Only the lines below from the one with "长城炮2.4T乘用炮商用炮将于5月22日上市 预售12.68万元起" through the one with "- A woodshop" are to be written out, exactly and without any images.

Dataset items:
▽

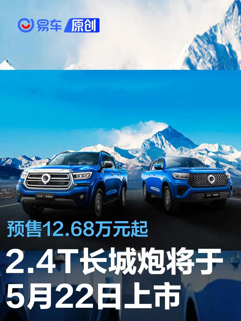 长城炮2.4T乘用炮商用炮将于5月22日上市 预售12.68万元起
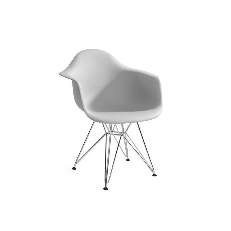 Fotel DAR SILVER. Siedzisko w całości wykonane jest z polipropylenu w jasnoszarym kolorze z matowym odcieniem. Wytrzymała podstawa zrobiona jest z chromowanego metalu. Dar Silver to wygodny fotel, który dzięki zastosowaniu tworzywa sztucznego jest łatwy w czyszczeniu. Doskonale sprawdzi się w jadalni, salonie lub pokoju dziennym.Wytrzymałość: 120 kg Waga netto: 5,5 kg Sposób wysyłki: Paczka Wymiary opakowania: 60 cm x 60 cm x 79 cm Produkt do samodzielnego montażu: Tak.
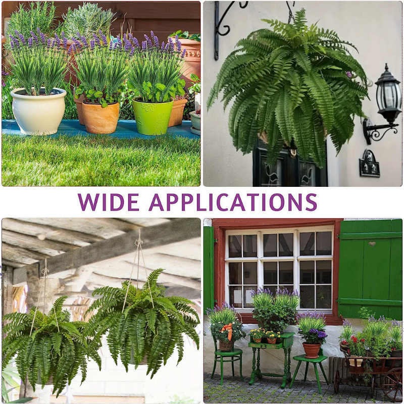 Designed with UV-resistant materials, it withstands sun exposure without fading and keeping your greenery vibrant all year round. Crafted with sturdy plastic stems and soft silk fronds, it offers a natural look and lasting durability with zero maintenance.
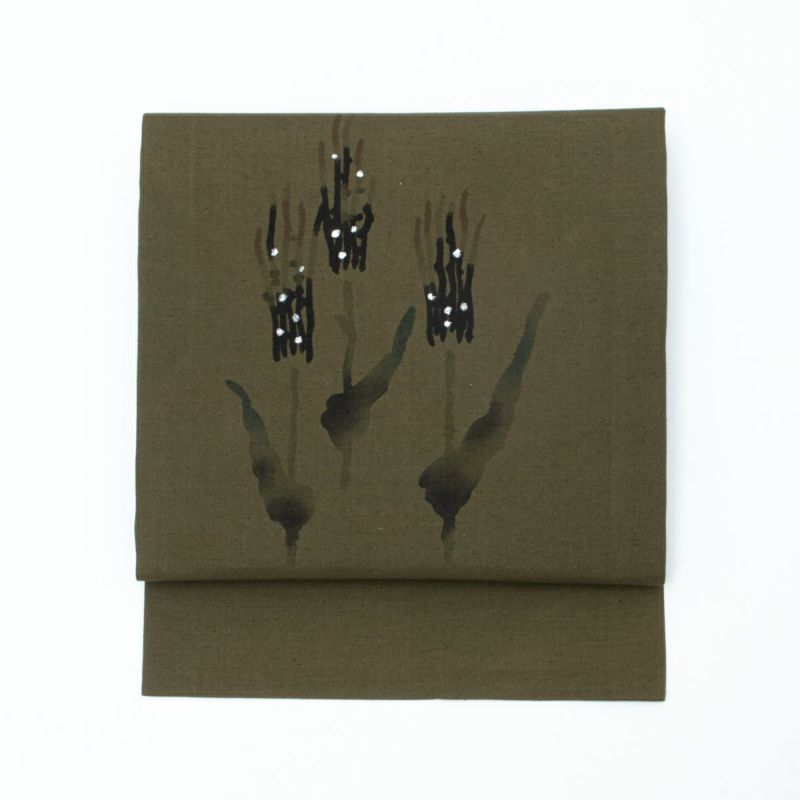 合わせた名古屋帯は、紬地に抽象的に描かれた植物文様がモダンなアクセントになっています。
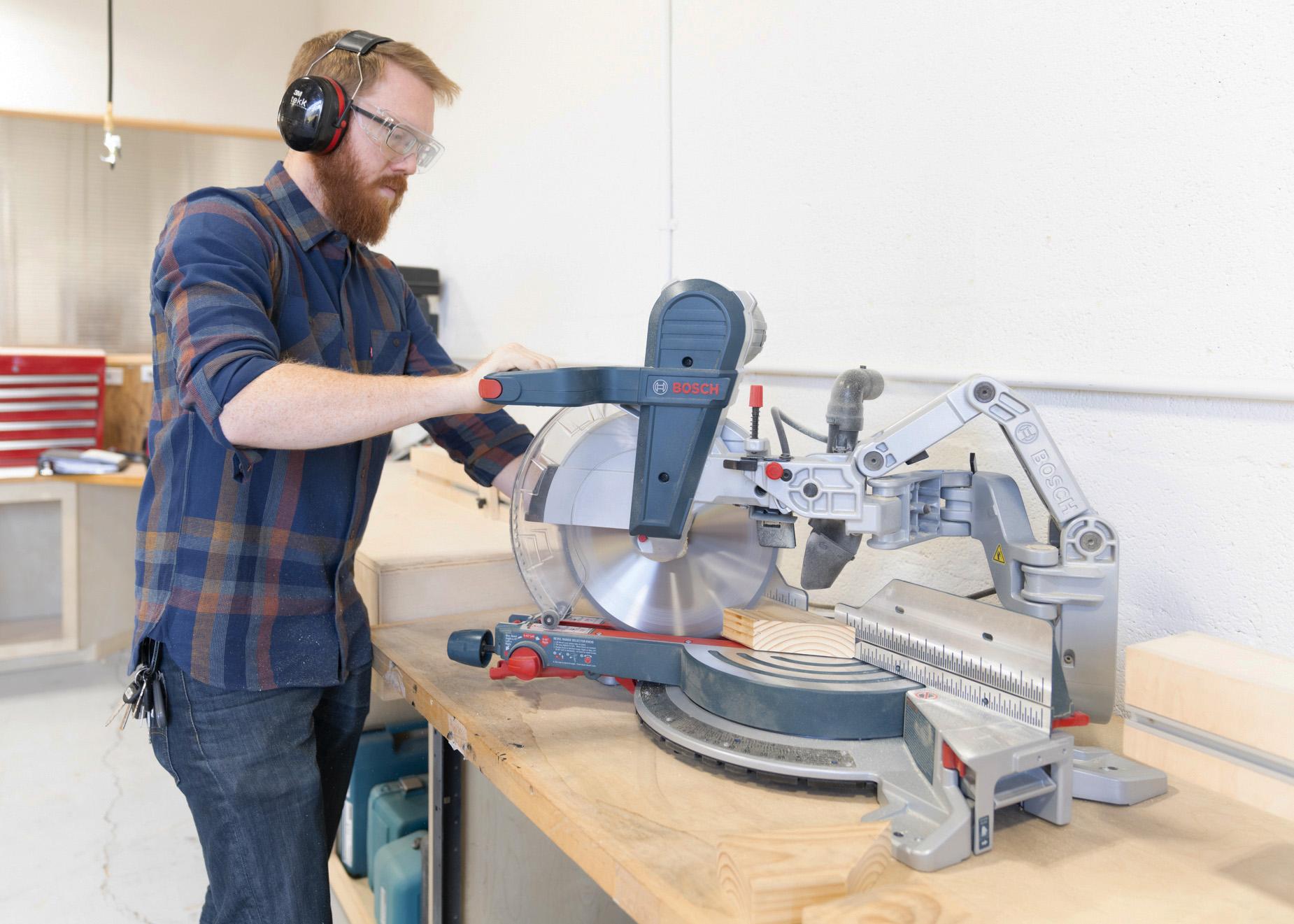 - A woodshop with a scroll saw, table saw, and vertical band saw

△
▽

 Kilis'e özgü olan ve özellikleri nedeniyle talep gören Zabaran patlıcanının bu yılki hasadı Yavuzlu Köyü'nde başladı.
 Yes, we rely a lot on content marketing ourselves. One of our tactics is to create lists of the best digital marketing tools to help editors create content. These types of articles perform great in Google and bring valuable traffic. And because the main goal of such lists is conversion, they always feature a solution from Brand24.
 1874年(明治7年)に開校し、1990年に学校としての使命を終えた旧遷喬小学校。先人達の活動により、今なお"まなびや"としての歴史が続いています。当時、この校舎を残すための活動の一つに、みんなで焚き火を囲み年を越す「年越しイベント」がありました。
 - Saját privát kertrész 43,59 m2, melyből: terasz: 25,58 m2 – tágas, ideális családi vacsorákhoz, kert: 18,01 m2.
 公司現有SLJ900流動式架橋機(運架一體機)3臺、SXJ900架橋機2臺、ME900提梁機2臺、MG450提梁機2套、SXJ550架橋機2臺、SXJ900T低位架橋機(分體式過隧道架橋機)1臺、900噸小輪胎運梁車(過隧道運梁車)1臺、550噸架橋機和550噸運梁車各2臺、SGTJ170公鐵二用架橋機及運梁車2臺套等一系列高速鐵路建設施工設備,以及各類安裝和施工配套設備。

△

RESPONSE:
 长城炮2.4T乘用炮商用炮将于5月22日上市 预售12.68万元起
 Fotel DAR SILVER. Siedzisko w całości wykonane jest z polipropylenu w jasnoszarym kolorze z matowym odcieniem. Wytrzymała podstawa zrobiona jest z chromowanego metalu. Dar Silver to wygodny fotel, który dzięki zastosowaniu tworzywa sztucznego jest łatwy w czyszczeniu. Doskonale sprawdzi się w jadalni, salonie lub pokoju dziennym.Wytrzymałość: 120 kg Waga netto: 5,5 kg Sposób wysyłki: Paczka Wymiary opakowania: 60 cm x 60 cm x 79 cm Produkt do samodzielnego montażu: Tak.
 Designed with UV-resistant materials, it withstands sun exposure without fading and keeping your greenery vibrant all year round. Crafted with sturdy plastic stems and soft silk fronds, it offers a natural look and lasting durability with zero maintenance.
 合わせた名古屋帯は、紬地に抽象的に描かれた植物文様がモダンなアクセントになっています。
 - A woodshop with a scroll saw, table saw, and vertical band saw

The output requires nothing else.